2nd President of the Federal Republic of Yugoslavia
- In office 25 June 1993 – 25 June 1997
- Prime Minister: Radoje Kontić
- Preceded by: Dobrica Ćosić
- Succeeded by: Slobodan Milošević

3rd President of the National Assembly of Serbia
- In office 25 January 1993 – 29 June 1993
- Preceded by: Aleksandar Bakočević
- Succeeded by: Zoran Aranđelović

Personal details
- Born: 27 August 1953 (age 72) Brza Palanka, PR Serbia, FPR Yugoslavia
- Party: Socialist Party of Serbia (1990–2000)
- Spouse: Ljubica Brković Lilić (m. 1980)
- Parents: Sokol Lilić (father); Dobrila Lilić (mother);

= Zoran Lilić =

Serbian politician

Zoran Lilić (Serbian Cyrillic: Зоран Лилић; born 27 August 1953) is a Serbian and former Yugoslav politician. He served as President of the National Assembly of Serbia in 1993, and as President of the Federal Republic of Yugoslavia from 1993 to 1997.

==Biography==
He finished primary and secondary school in his native village. He graduated from the University of Belgrade Faculty of Technology and worked in the rubber factory "Rekord" in Rakovica. After twelve years of performing various duties, he was appointed director general.

He was an MP of the Socialist Party of Serbia (SPS) in the National Assembly of Serbia, and then he became the Speaker of the National Assembly. He was named president of the Federal Republic of Yugoslavia after Dobrica Ćosić was forced to resign. He remained at the forefront of Third Yugoslavia until 1997.
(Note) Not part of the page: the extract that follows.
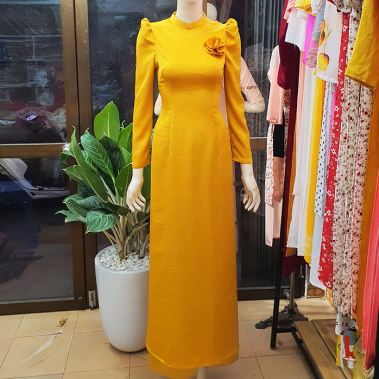 Áo dài cách tân vải lụa màu vàng tay bồng đính hoa mã số PTAD004
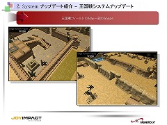 なお,王国戦に参加して,他国の王国騎士を倒すと,名誉点数などの報酬が得られるとのこと。名誉点数を消費し,特殊なアイテムが得られる構想もあるようなので,参加するメリットは大きいといえるだろう。 さらに,王国戦に勝利した陣営には,ドロップ率アップおよび追加報酬などの恩恵が施され,王国祭壇を占領したギルドマスターには,国王としての権限が与えられるという。今後の情報公開が,実に楽しみなシステムである。

In 1997, Milošević was termed out of the Serbian presidency, and was elected to the federal presidency. Lilić became the SPS candidate to succeed Milošević as president of Serbia. After the unsuccessful second round with Vojislav Šešelj he became vice president of the Federal Government in the cabinet of Momir Bulatović, and he remained on this duty until April 1999 when he was appointed advisor to the President of the Federal Republic of Yugoslavia Slobodan Milošević for economic relations with Croatia. At that time he performed the functions of chairman of Jugotransport and the president of Chess Association of Yugoslavia. He left SPS in 2000 founded the Serbian Social Democratic Party.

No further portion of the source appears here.